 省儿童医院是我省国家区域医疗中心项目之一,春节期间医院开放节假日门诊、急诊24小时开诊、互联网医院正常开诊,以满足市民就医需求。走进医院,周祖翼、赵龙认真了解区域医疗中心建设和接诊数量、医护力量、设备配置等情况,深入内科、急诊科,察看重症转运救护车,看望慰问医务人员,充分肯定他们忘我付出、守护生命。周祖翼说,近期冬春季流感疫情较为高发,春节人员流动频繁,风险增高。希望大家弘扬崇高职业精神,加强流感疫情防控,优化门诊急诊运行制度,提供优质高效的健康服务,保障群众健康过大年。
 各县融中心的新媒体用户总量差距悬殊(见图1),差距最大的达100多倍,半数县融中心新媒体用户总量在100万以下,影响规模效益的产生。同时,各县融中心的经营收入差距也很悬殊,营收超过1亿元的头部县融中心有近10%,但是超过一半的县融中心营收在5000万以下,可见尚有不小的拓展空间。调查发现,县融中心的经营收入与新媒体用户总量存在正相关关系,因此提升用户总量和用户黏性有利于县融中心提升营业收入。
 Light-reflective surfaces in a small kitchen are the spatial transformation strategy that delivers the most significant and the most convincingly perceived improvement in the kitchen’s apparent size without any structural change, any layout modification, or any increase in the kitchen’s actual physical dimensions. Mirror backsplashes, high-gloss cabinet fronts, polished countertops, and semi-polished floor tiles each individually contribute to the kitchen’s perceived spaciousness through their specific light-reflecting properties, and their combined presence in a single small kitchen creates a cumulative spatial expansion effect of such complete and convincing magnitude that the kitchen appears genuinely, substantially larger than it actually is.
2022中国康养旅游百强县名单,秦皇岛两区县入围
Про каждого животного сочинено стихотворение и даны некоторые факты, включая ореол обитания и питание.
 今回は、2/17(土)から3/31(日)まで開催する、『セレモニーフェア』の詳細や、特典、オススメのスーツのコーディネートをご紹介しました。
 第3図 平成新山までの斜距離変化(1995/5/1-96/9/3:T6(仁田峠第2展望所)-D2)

________________________

◆ Instructions for the task ◆
Your task is to write out the lines from the one with "2022中国康养旅游百强县名单,秦皇岛两区县入围" through the end of the records, exactly and with nothing added.

◆ Result of the exercise ◆
2022中国康养旅游百强县名单,秦皇岛两区县入围
Про каждого животного сочинено стихотворение и даны некоторые факты, включая ореол обитания и питание.
 今回は、2/17(土)から3/31(日)まで開催する、『セレモニーフェア』の詳細や、特典、オススメのスーツのコーディネートをご紹介しました。
 第3図 平成新山までの斜距離変化(1995/5/1-96/9/3:T6(仁田峠第2展望所)-D2)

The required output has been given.